Bu Hükûmet, sadece, siyasi cinayetlerin faillerinin korunmasını sağlamıyor, siyasi cinayetlerin üstünü örtmüyor, bu Hükûmet aynı zamanda iş cinayetlerinin katillerinin de üstünü örtüyor, hesap sormuyor. Bu Hükûmet, aynı zamanda tecavüzcüleri de koruyan bir yerde duruyor ve cinayet işlemek sadece can almak değil, bu Hükûmet siyaseten de cinayet işliyor.

Bugün eş genel başkanlarımız Sayın Selahattin Demirtaş'ın, Figen Yüksekdağ'ın, parlamenterlerimizin burada olmaması, onlarca belediye eş başkanımızın burada olmaması, 75 yaşındaki Ahmet Türk'ün, Türkiye siyasetine, Türkiye demokrasisine katkı sunmuş Ahmet Türk'ün burada olmaması bu Hükûmetin siyaseten işlediği cinayetlerin ifadesidir, göstergesidir.

Evet, bu Hükûmet iş cinayetlerini de örtbas etmeye çalıyor. Bunun en somut örneğini Siirt'in Şirvan ilçesinin Maden köyünde on iki gündür yaşıyoruz. 17 Kasımda gerçekleşen iş cinayetinde 16 tane canımızı kaybettik ve 16 canın 12'sini... Kardeşini, kuzenini, yeğenini ve dayısını kaybedenler ve o cinayetten sağ kurtulanlar on iki gündür çalışarak onları kurtarmaya çalışıyor. Biz buradan bir kez daha ailelerimize başsağlığı diliyoruz.

Bu iş cinayeti açık açık işlenen bir cinayettir. Bu şirket 2011'de Maraş Elbistan'da aynı cinayeti işledi. 9 kişi dört yıldır hâlen göçük altındadır ve o iş merkezi, o çalıştırdıkları ocak onlara mezar hâline getirildi ve Şirvan'ın Maden köyünde aylardır işçiler "İş güvenliğimiz yok, bu ocakta tehlike var, çatlamalar var, palyalarda şişmeler var, biz burada çalışamayız." dedikleri hâlde şirket yetkililerinin söylediği "Ya burada çalışırsınız ya çıkışınızı verirsiniz, burada çalışacak çoktur." Orada çalışanlar Kürt olunca, orada çalışanlar emekçi ve yoksul olunca ölmeye razı edileceksiniz diyen bir iş anlayışı ve bir Hükûmet anlayışıyla karşı karşıyayız.

Darbeyi Allah'ın lütfu göreceksiniz, bu göz göre göre gelen cinayeti de "Allah'ın takdiridir, bir şey yapamayız." diyerek Hükûmet olarak açıklayacaksınız. Bu, iş cinayetlerine ortak olmaktır. Bu, oradaki ranta ortak olmaktır.

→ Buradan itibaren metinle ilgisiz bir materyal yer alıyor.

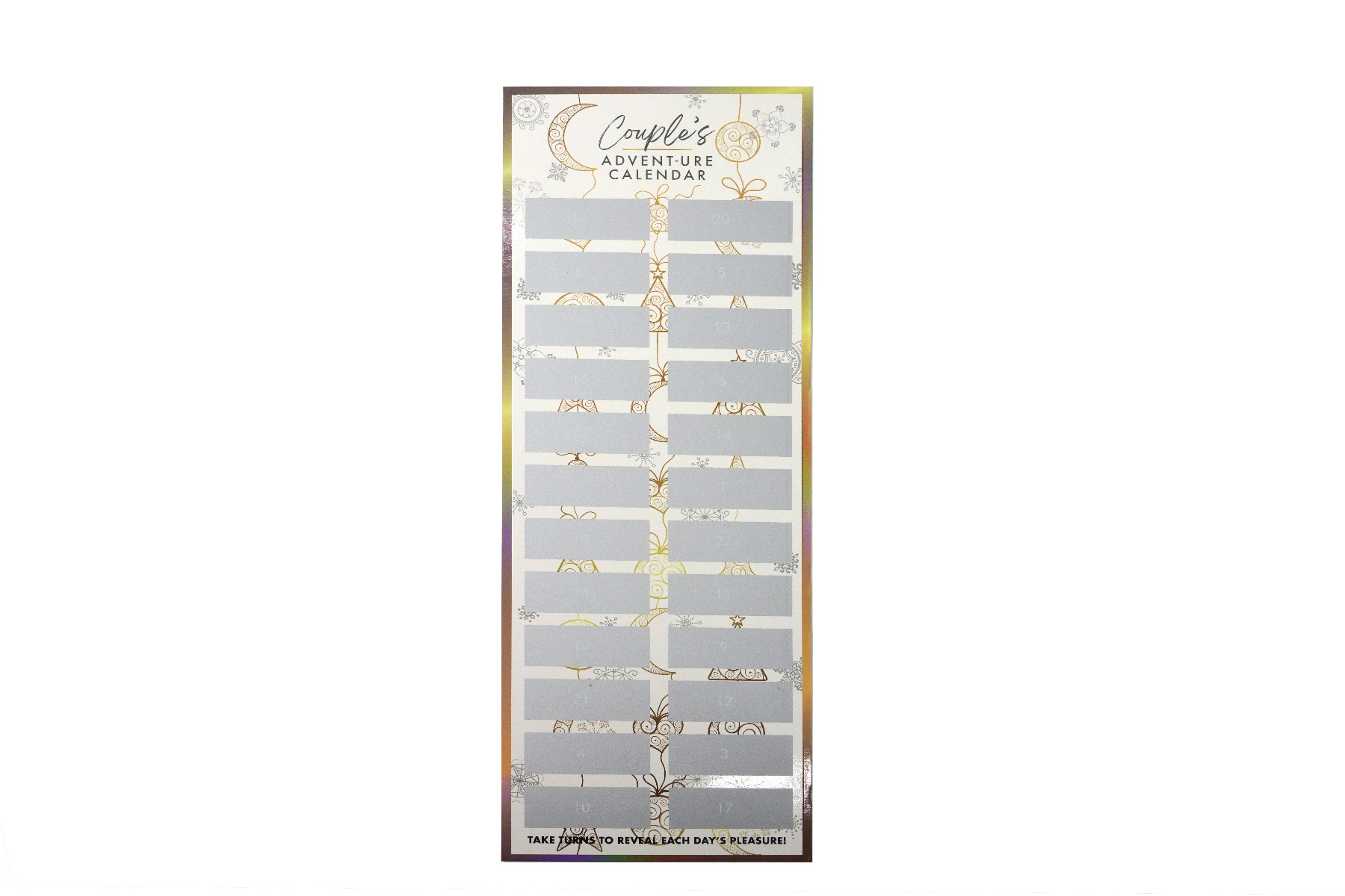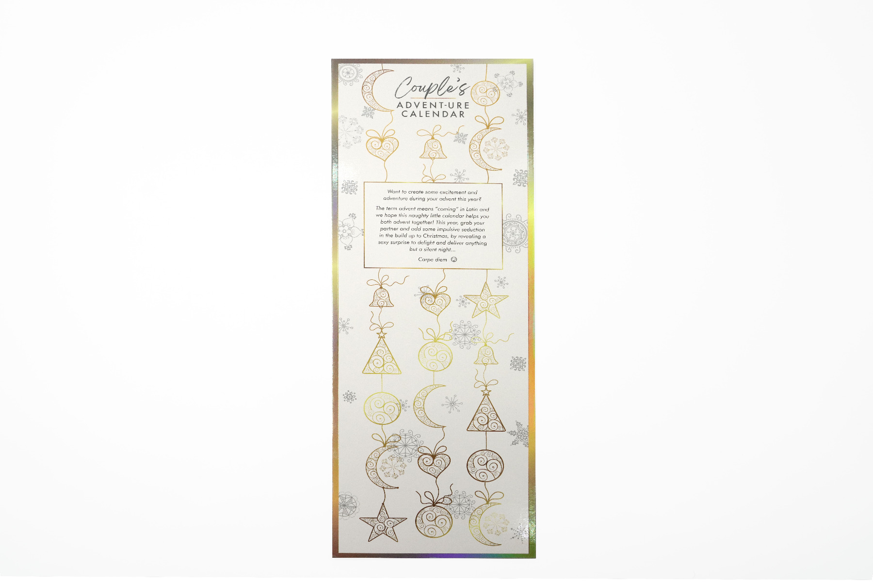 The word Advent means “coming” in Latin and we hope this naughty little calendar helps you both advent together! This year grab your partner and add some impulsive seduction in the build up to Christmas by revealing a sexy surprise to delight and deliver anything but a silent night!
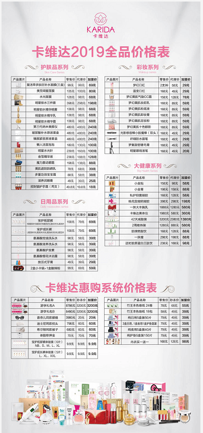 客户要加入如今的卡维达,同样也有代理和加盟商两种形式可以选择。代理现在是任意购买价格达到一定金额后就可以成为代理,第二次购买任意产品都是代理价,而代理门槛不论是39元,还是98元都是没有限制的。

Siz ailenin taziyesine gitmek için iki gündür kurulan taziye evine gidip "Bakanımız geliyor, taziye evini köpekle aramak istiyoruz." diyeceksiniz, taziyeye, acısını yaşayan aileye saygısızlık yapacaksınız, taziye evinden korkacaksınız, köpekle gidip bomba araması yapacaksınız. Sizin iktidar anlayışınız, sizin siyaset anlayışınız, insanlara değer anlayışınız budur. Biz bunun üzerinde duracağız. Nereye kadar giderse gitsin bunun hesabını, bu cinayeti işleyen, bu cinayete sessiz kalan...

Bizi denetlediğiniz kadar bu cinayet makinelerini bu Hükûmet olarak denetleseniz... Bugün korsanvari kanun hükmünde kararnamelerle eğitimde de, yaşamda da, kadın mücadelesi, kadın özgürlüğünde de despotik diktatörlüğü meşrulaştıran yasalar Parlamentoya getirmek istiyorsunuz.